[Python-Dev] defaultdict proposal round three

Steven Bethard steven.bethard at gmail.com
Mon Feb 20 23:58:09 CET 2006

I wrote:
>    # I want to do ``dd[item] += 1``

Guido van Rossum wrote:
> You don't need a new feature for that use case; d[k] = d.get(k, 0) + 1
> is perfectly fine there and hard to improve upon.

Alex Martelli wrote:
> I see d[k]+=1 as a substantial improvement -- conceptually more
> direct, "I've now seen one more k than I had seen before".

Guido van Rossum wrote:
> Yes, I now agree.
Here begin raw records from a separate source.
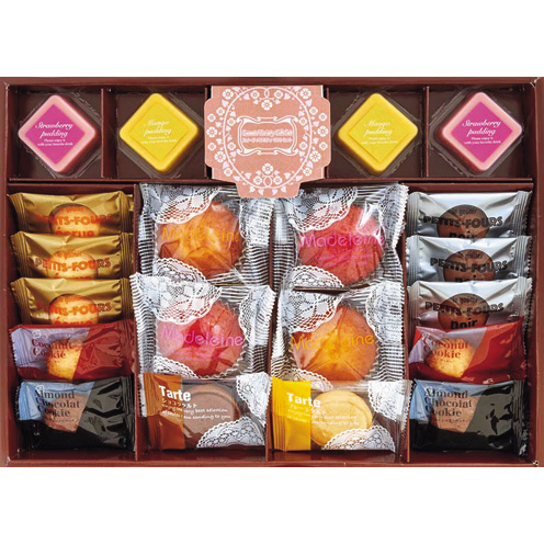 プリン(ストロベリー・マンゴー)各57g×各2、マドレーヌ(レモンチーズ・ストロベリー)×各2、タルト(プレーン・ショコラ)、クッキー(ココア×3・バニラ×3・ココナッツ×2・アーモンドショコラ×2)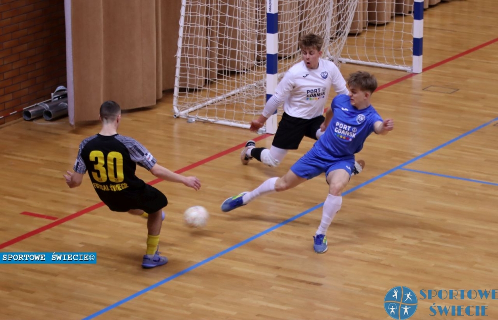 Toruńska Akademia Futsalu okazała się najlepsza w niedzielnym turnieju grupy 2. trzeciej fazy eliminacji do Młodzieżowych Mistrzostw Polski U19 w futsalu, który odbył się w Świeciu. Patrząc na jej dokonania w CLJ U19 to niespodzianka, aczkolwiek Torunianie na turniej wzmocnili skład, choćby bramkarzem Hubertem Rinkielem czy Daniilem Andriienko. Futsal Świecie także skorzystał z usług Krzysztofa Skomry (Start Pruszcz) i Maksymiliana Madeja (Chełminianka Chełmno). Za to zabrakło w „12” Mateusza Baranowskiego i Krzysztofa Gronowskiego. Podopieczni Davidsona Silvy na początek pokonali Beniaminka 03 Starogard Gdański 5:3 (1:2), a zdecydowało o tym pierwsze pięć minut 2. połowy, gdy strzelili cztery gole z rzędu wychodząc na 5:2. W drugim spotkaniu kibiców spotkał zimny prysznic. Futsal Świecie przegrał z nie grającym w CLJ U19 Jaguarem Gdańsk 2:4 (0:3). Nasi piłkarze popełnili sporo błędów w defensywie. Gdy zbliżyli się na 2:3 kosztowną stratę na środku boiska popełnił Szymon Taczyński, którą wykorzystał Wiktor Pionk. Mimo tej porażki szanse na awans były do końca, ale warunkiem była trzybramkowa wygrana z TAF Toruń. Wówczas o kolejności na miejscach 1-3 decydowałaby tzw. mała tabela. Niestety, gospodarze ulegli ekipie z Grodu Kopernika 2:7 (2:3). Po przerwie gra Świeckich Panter posypała się całkowicie. Dodajmy, że w tym turnieju grano 2x po 10 minut.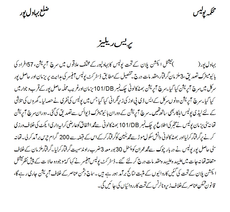 نیشنل ایکشن پلان کے تحت بہاولپور پولیس کا مختلف علاقوں میں سرچ آپریشن ، 57 افراد کا بذریعہ بائومیٹریک ڈیوائس سے تصدیق ،3 ملزمان گرفتار مقدمات درج
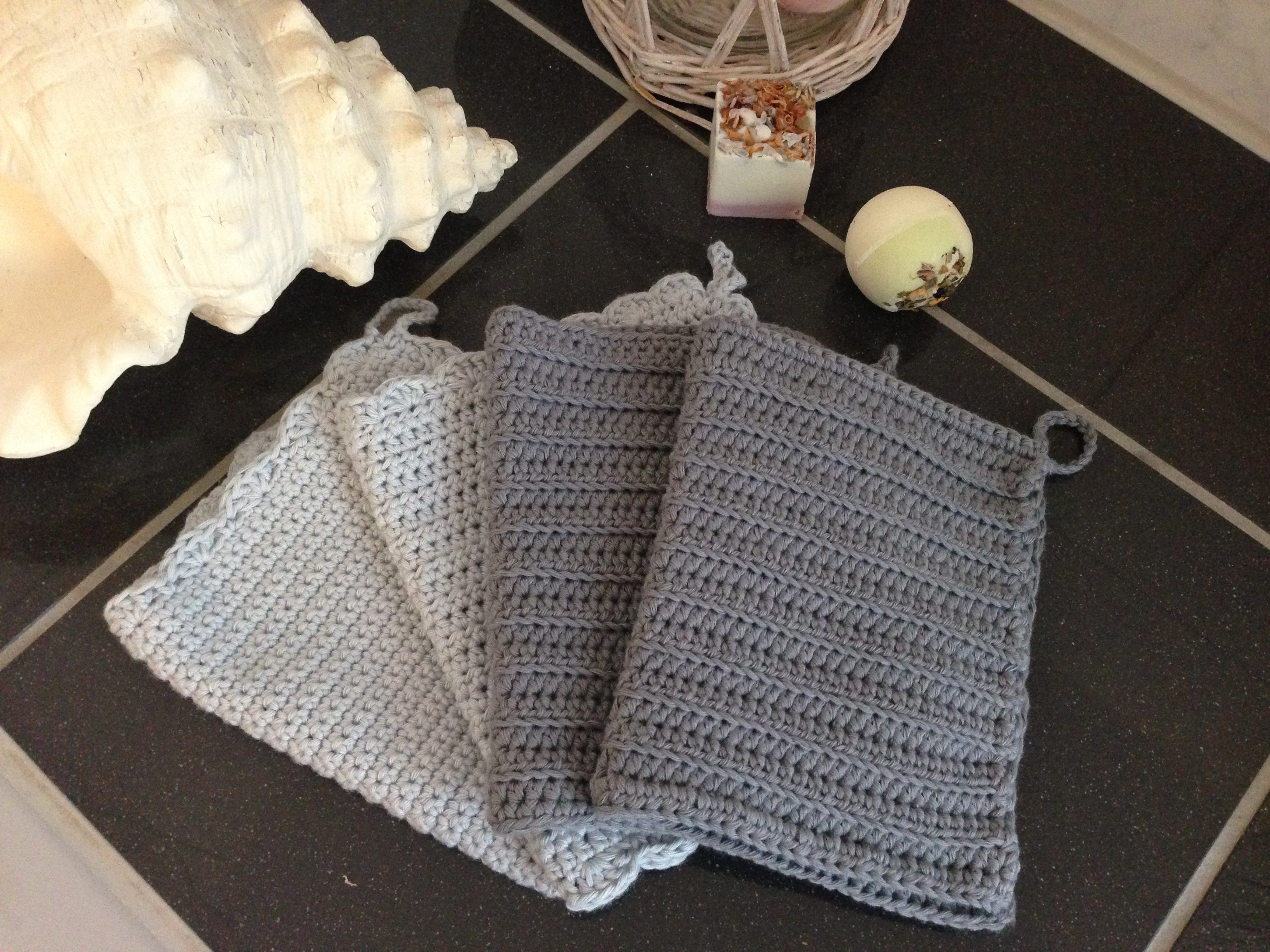 Die Anleitung von Katja von versponnenes.de hat mich sehr angesprochen. Eigentlich wollte ich im Urlaub einige Exemplare davon fertigen. Aber ich war abends so müde, dass es am Ende nur für ein Tüchlein gereicht hat. Zu Hause habe ich mich dann voller Tatendrang an die Arbeit gemacht. Die Handtücher sind wirklich einfach zu häkeln und hüpften recht flott von der Nadel. Das passende Garn hatte ich mir schon vor dem Urlaub zugelegt. Das gibt es auch bei Katja im Online Shop.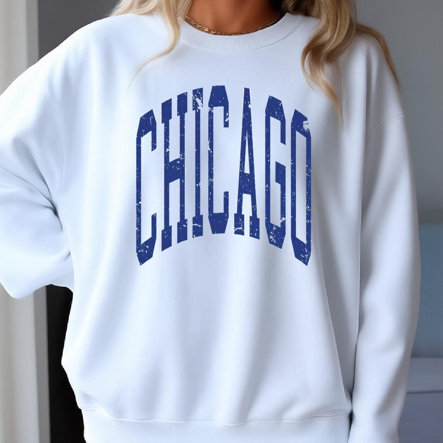 Vintage Chicago Sweatshirt Unisex Fit Blue And White Chicago Baseball Sweater Cheer Crewneck Sweatshirt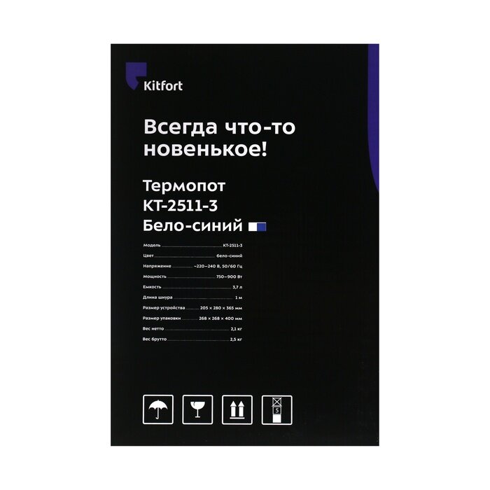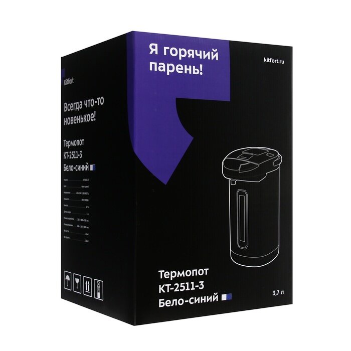 Купить Термопот Kitfort КТ-2511-3, 900 Вт, 3.7 л, бело-синий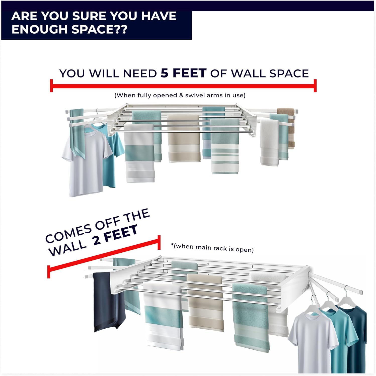 MODERN-X Wall Mounted Clothes Drying Rack with 6 Swivel arms, 35”Wide, 26 Linear ft of Laundry Drying Rack Space, 6 Collapsible Aluminum rods, 2X Drying Capacity, Space Organizer Holds up to 60lbs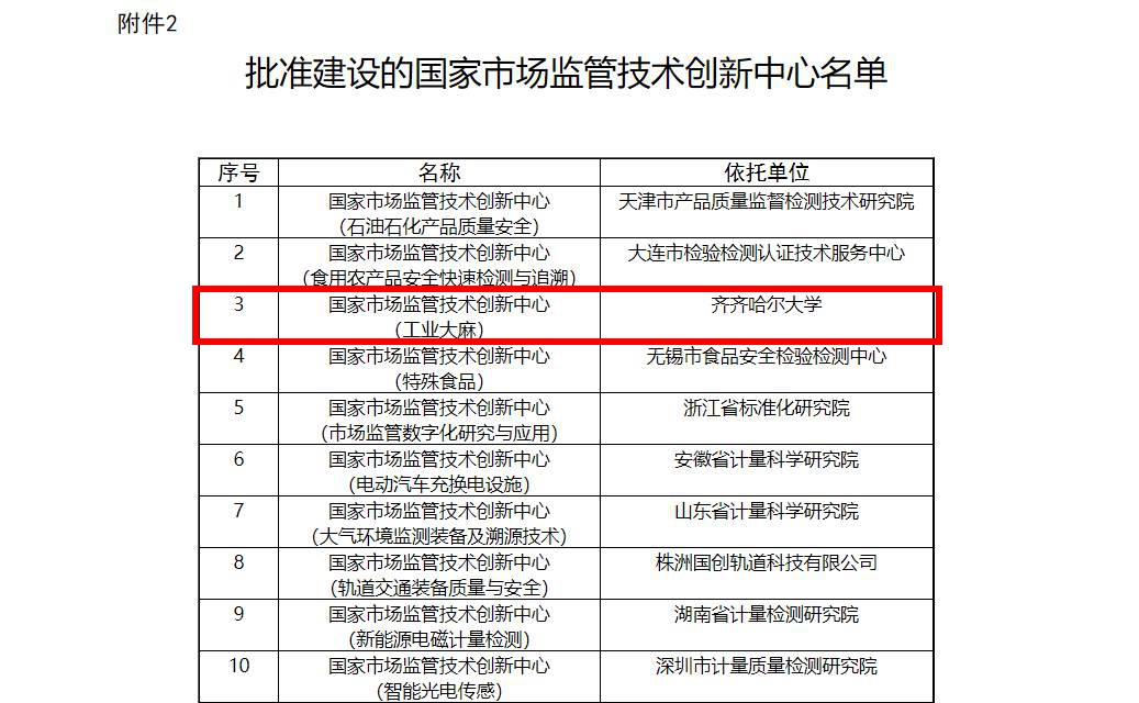近日,国家市场监督管理总局下发了《市场监管总局关于批准建设“食品安全重大综合保障关键技术”等38个国家市场监管重点实验室和“石油石化产品质量安全”等19个国家市场监管技术创新中心的通知》(国市监科财函〔2021〕208号)。beats365与齐齐哈尔市市场监督管理局联合组建,化学与化学工程学院赵明教授担任创新中心主任的国家市场监管技术创新中心(工业大麻)成功获批,成为国家市场监管总局首批批准建设的19个国家市场监管技术创新中心之一。该创新中心对于完善工业大麻及其制品检验检测标准,构建工业大麻种植加工质量控制体系,解决工业大麻加工技术关键科学问题,促进工业大麻产业链下游产品的开发,推动我国工业大麻产业高质量健康发展具有重要的意义。

This means that I'm withdrawing proposal A (new
> method) and championing only B (a subclass that implements
> __getitem__() calling on_missing() and on_missing() defined in that
> subclass as before, calling default_factory unless it's None).

Probably already obvious from my previous post, but FWIW, +1.

Two unaddressed issues:

* What module should hold the type?  I hope the collections module
isn't too controversial.

* Should default_factory be an argument to the constructor?  The three
answers I see:

  - "No."  I'm not a big fan of this answer.  Since the whole point of
creating a defaultdict type is to provide a default, requiring two
statements (the constructor call and the default_factory assignment)
to initialize such a dictionary seems a little inconvenient.
  - "Yes and it should be followed by all the normal dict constructor
arguments."  This is okay, but a few errors, like
``defaultdict({1:2})`` will pass silently (until you try to use the
dict, of course).
  - "Yes and it should be the only constructor argument."  This is my
favorite mainly because I think it's simple, and I couldn't think of
good examples where I really wanted to do ``defaultdict(list,
some_dict_or_iterable)`` or ``defaultdict(list,
**some_keyword_args)``.  It's also forward compatible if we need to
add some of the dict constructor args in later.

Grammar am for people who can't think for myself.